Data Tanks Using Trino(Presto)

Use Trino(Presto), via TD Console, to query data stored in your Treasure Data Data Tank.

This optional feature enables users of Data Tanks to run queries against their Data Tank instance directly from the Trino(Presto) query engine.

What is Data Tank?

Data Tanks provide easy access to your aggregated metrics through convenient, fully hosted data marts on Treasure Data’s core platform. They can be used to drive a variety of external business intelligence and visualization applications without having to host and maintain your own PostgreSQL instances.

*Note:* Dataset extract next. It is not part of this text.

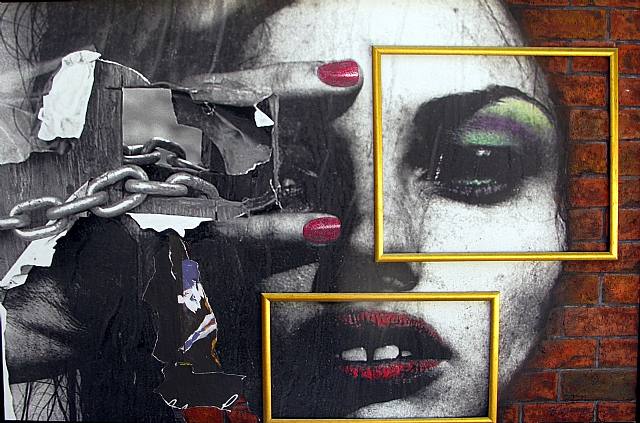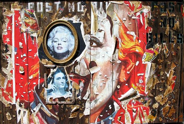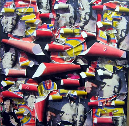- Afiş parçaları, gazete kupürleri, grafiti izleri, kablolar, bantlar gibi kentsel materyalleri eserlerine dahil eder.

Data Tanks are hosted PostgreSQL databases that serve as data marts. They are completely managed by Treasure Data including creation, setup, monitoring, management and troubleshooting so you can just get your job done.

Benefits

Use of Data Tanks provides the following key benefits:

Enables easier access to Data Tank data via querying from TD Console, via Trino(Presto). Including the creation and deletion of tables.
More flexible processing flows by enabling data to be joined across Data Tank and core TD tables.

Learn More

Limitations on Data Tank Queries from Trino(Presto)
Data Tank User Permissions for Trino(Presto) Queries
Granting Access for Data Tank Queries from Trino(Presto)
Data Tank Query Statement Reference for Trino(Presto)
Data Tank Trino(Presto) FAQ

Limitations on Data Tank Queries from Trino(Presto)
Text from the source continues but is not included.